In 1989, high-profile executives from Dubai met with Daniel Arap Moi, former President of Kenya, to seek his approval for the construction of duty free complexes at the Nairobi and Mombasa International Airports.
At the beginning of the meeting, an executive from the investor, World Duty Free (WDF), left a brown briefcase containing US$ 500,000.00 in cash by the wall. When the gathering was over, the cash had been replaced with fresh corn … and the project had been approved.
A few years later, WDF began an investment arbitration claiming the Kenyan Government had breached their agreement. During the process, the investor alleged the payment was a gift required by protocol. This was seized by the Republic of Kenya, which argued that bribing was illegal and that the investor’s conduct should not be protected. Upon that, the tribunal held that “corruption is contrary to international public policy of most, if not all states or, to use another formula, to transnational public policy” and consequently declared the claim inadmissible. This is known as the “Corruption Defense”.

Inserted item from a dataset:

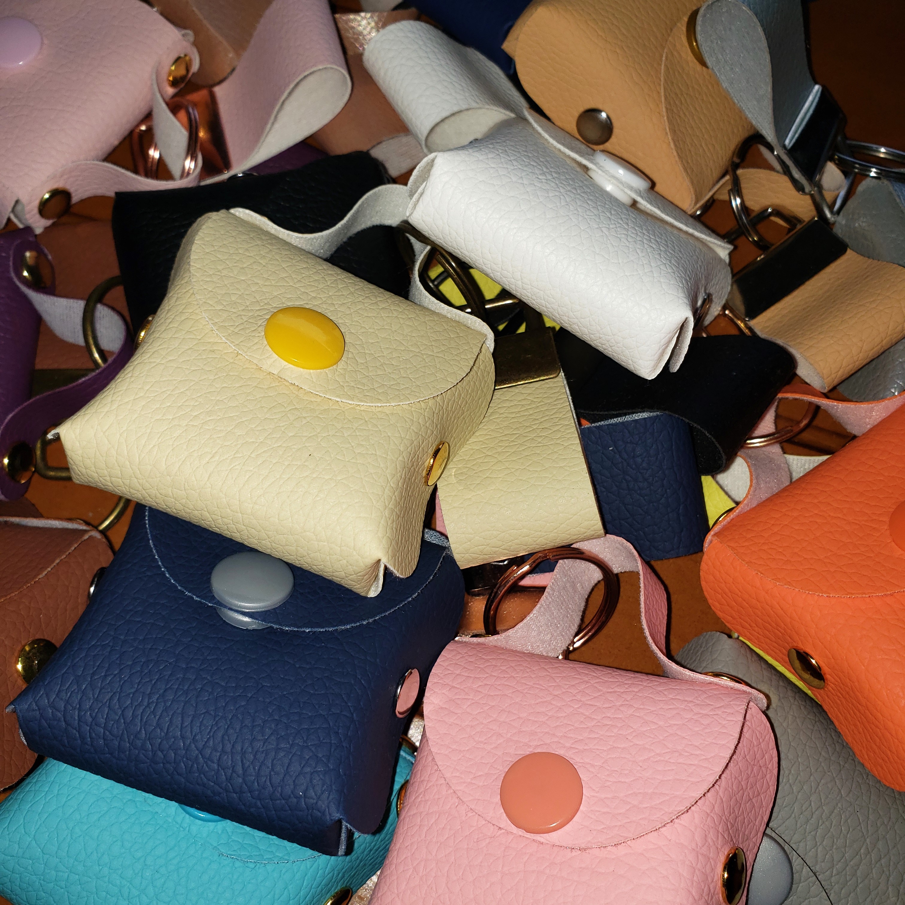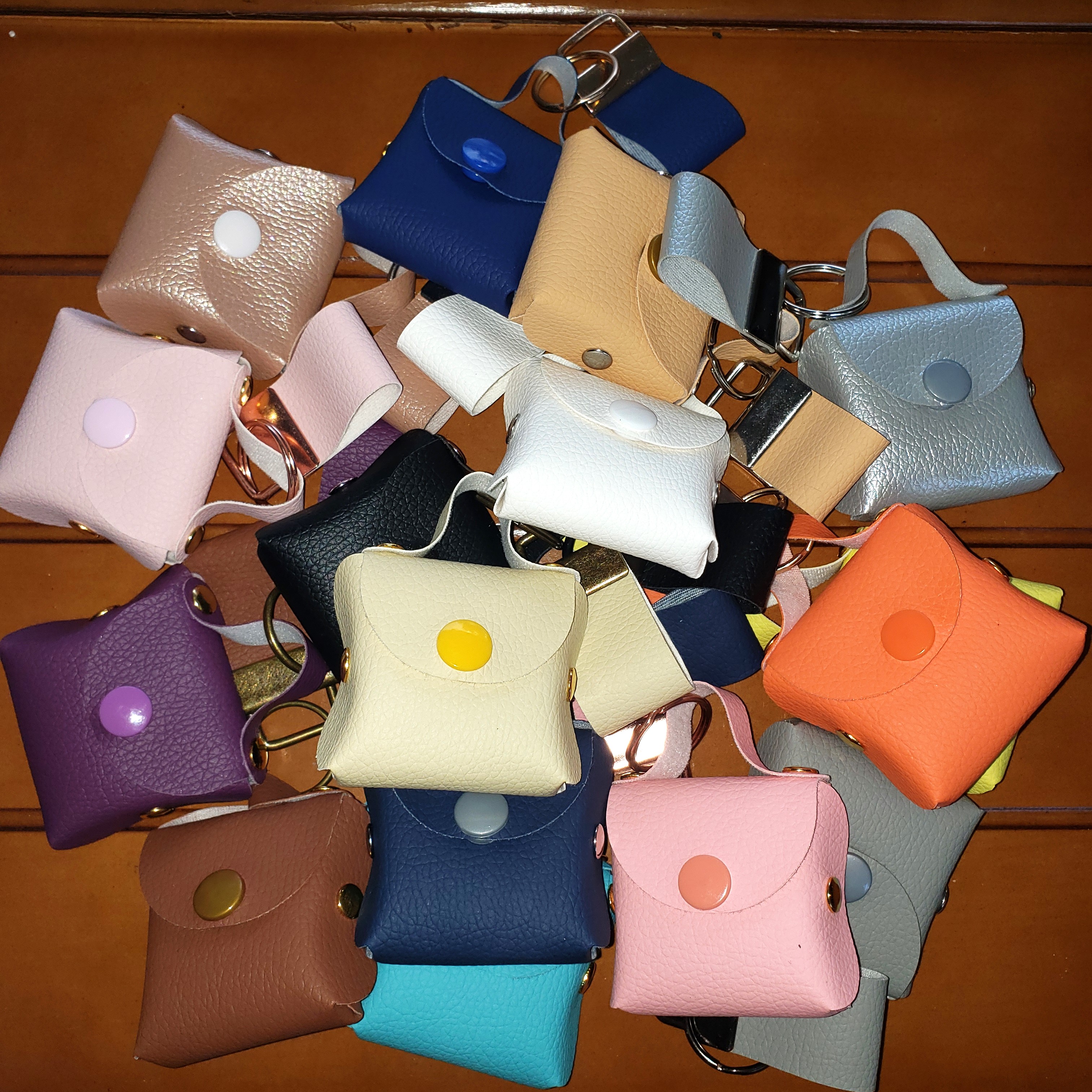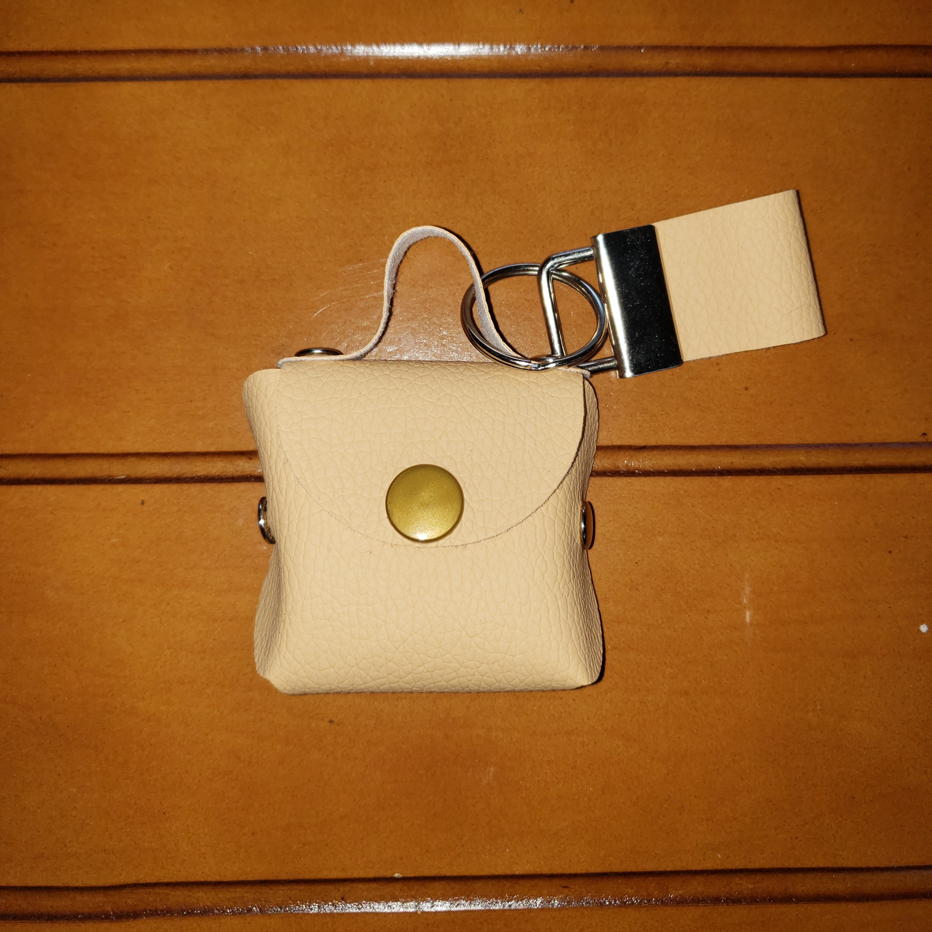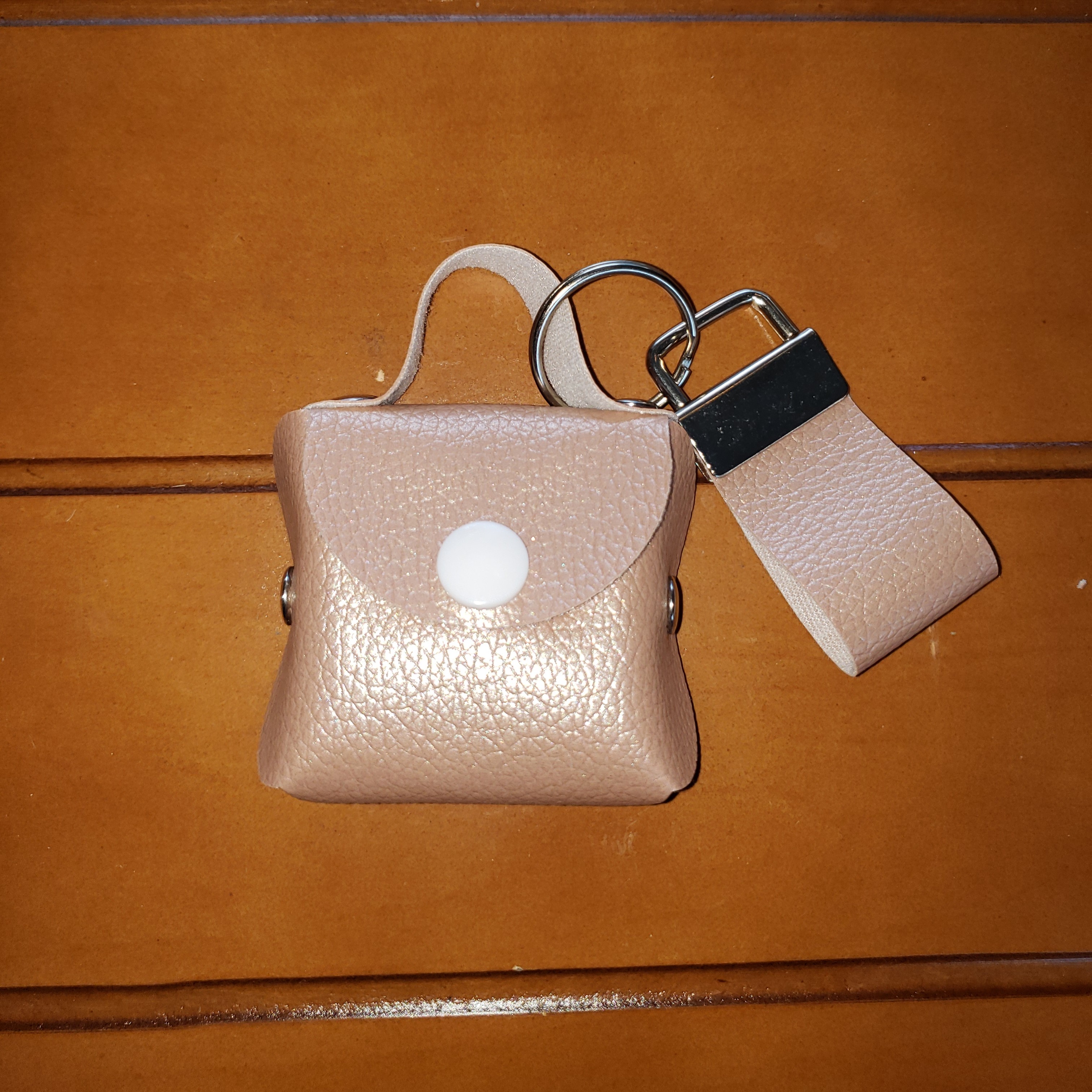Mini coin purse with top handle, snap closure, and matching key fob. Will hold wired headphones, airpods, cash, and change. Great for keeping change close by.

The acceptance of this strategy has typically resulted in the refusal to hear the merits of the claim, even where the corruption also involved the state , given place to the tribunal declining its jurisdiction (e.g. Inceysa Vallisoleta v. Republic of El Salvador) or considering the claim inadmissible (e.g. Phoenix Action v. The Czech Republic).
Arbitration practitioners have recognized the attribution asymmetry derived from the Corruption Defense, leading to a one-sided result where states that took part on the corrupt act could profit from their own illicit conduct. However, tribunals have not yet come to a different solution different than sharing arbitration costs.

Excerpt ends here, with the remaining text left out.